Each Friday, Chef Jenny DeVivo serves locally caught seafood to roughly 400 children plus teachers and staff at Chilmark and West Tisbury schools. Devivo’s cooking is part of a larger initiative to bring kids healthy food grown or raised in their community. 

 “I place an order on Tuesday, the fish is typically caught on Wednesday and arrives at our door on Thursday,” DeVivo says. She then scans a QR code on the packaging, which tells her the type of fish, who caught it, where the fish was caught and what fishing method was used. During these “Fish Friday” lunches, she shares that information with her students, who range in age from preschool to eighth grade.

“It’s ignited a little bit of passion in them,” DeVivo says. “We’re surrounded by the water, and they appreciate it and respect it.”

DeVivo says she’s always been drawn to water. She loves to swim, fish and paddleboard, and her family visited Martha’s Vineyard regularly in the 1970s before moving there in the ’80s. DeVivo pursued a career as a singer and traveled Europe, but to get a visa, she began working in restaurants abroad. The experience transformed the way she thought about cooking.

“I grew up in America in the 1980s, where what was popular at home was Chef Boyardee. Food came in a lot of boxes,” says DeVivo. But in Europe’s kitchens, she learned how to make pasta sauce and bread from scratch.

DeVivo eventually returned to Martha’s Vineyard, but her European restaurant experience stayed with her. Those years convinced DeVivo that her son’s school could do better with its lunch program. So five years ago, she took the role of school chef, with a mission to make food healthy, local and affordable.

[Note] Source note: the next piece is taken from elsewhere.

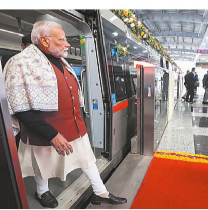
कहा, देश विकसित भारत की संकल्पसिद्धि में जुटा रेलवे इंफ्रास्ट्रक्चर में आया बड़ा बदलाव

प्रधानमंत्री नरेंद्र मोदी ने कहा कि आज देश विकसित भारत की संकल्पसिद्धि में जुटा है और इसमें भारतीय रेलवे का विकास अहम है। पिछला एक दशक भारतीय रेलवे के ऐतिहासिक परिवर्तनों का रहा है। अब वह समय दूर नहीं है जब जल्द ही देश में बुलेट ट्रेन दौड़ेगी। प्रधानमंत्री सोमवार को वीडियो कॉन्फ्रेंसिंग के माध्यम से नए जम्मू रेलवे मंडल और तेलंगाना में चरलापल्ली स्थित नए टर्मिनल स्टेशन के उद्घाटन तथा ईस्ट कोस्ट रेलवे के रायगढ़ा रेलवे मंडल भवन के शिलान्यास करने के बाद संबोधित कर रहे थे। प्रधानमंत्री ने कहा कि पिछला एक दशक भारतीय रेलवे के ऐतिहासिक परिवर्तनों का रहा है। रेलवे इंफ्रास्ट्रक्चर में एक बड़ा बदलाव आया है। आज देश विकसित भारत की संकल्पसिद्धि में जुटा है और इसमें भारतीय रेलवे का विकास अहम है। इससे देश की छवि बदली है और देशवासियों का मनोबल भी बढ़ा है। उन्होंने कहा कि भारत में रेलवे के विकास को हम चार पैरामेटर्स पर आगे बढ़ा रहे हैं। पहला- रेलवे के इंफ्रास्ट्रक्चर का आधुनिकीकरण, रेलवे के यात्रियों को आधुनिक सुविधाएं,

She added Fish Fridays in November 2016, after partnering with Red’s Best, a wholesaler working with small fishing boats committed to traceability. DeVivo has also used the program as a way to introduce kids to lesser-known but more sustainable species. She subs in white, buttery fishes like hake or pollock instead of over-fished cod, which keeps the program affordable.

In the early weeks of Fish Friday, some children were wary. Only half of them chose the fish option; others went with standbys like the salad bar. But DeVivo encouraged students to try the fish — giving high fives to those who made the plunge — and now she says she has 75-100 percent participation on a typical Friday.

Part of the key to her success, DeVivo says, is keeping the recipes simple and kid-friendly.

 “Jenny just wants the kids to have the best interaction with food and the people who bring it to them,” says her assistant chef, Mercedes Ferreira.

DeVivo says she wants to introduce other schools to her program too. She plans to visit inner-city schools in Connecticut and New York next school season to exchange ideas with their kitchens. Ultimately, DeVivo is hoping to get a grant to travel farther with her message of local seafood sustainability.

“Kids not only eat with their mouth, but also their eyes and ears,” says DeVivo. With the right information, “they’re these budding sustainable creatures.” She says now the kids love guessing what the fish of the week will be, and they beg for oysters, a sustainable seafood of which some were initially skeptical.

The opportunity to help create more young sustainable eaters would be, as DeVivo puts it, “off the hook.”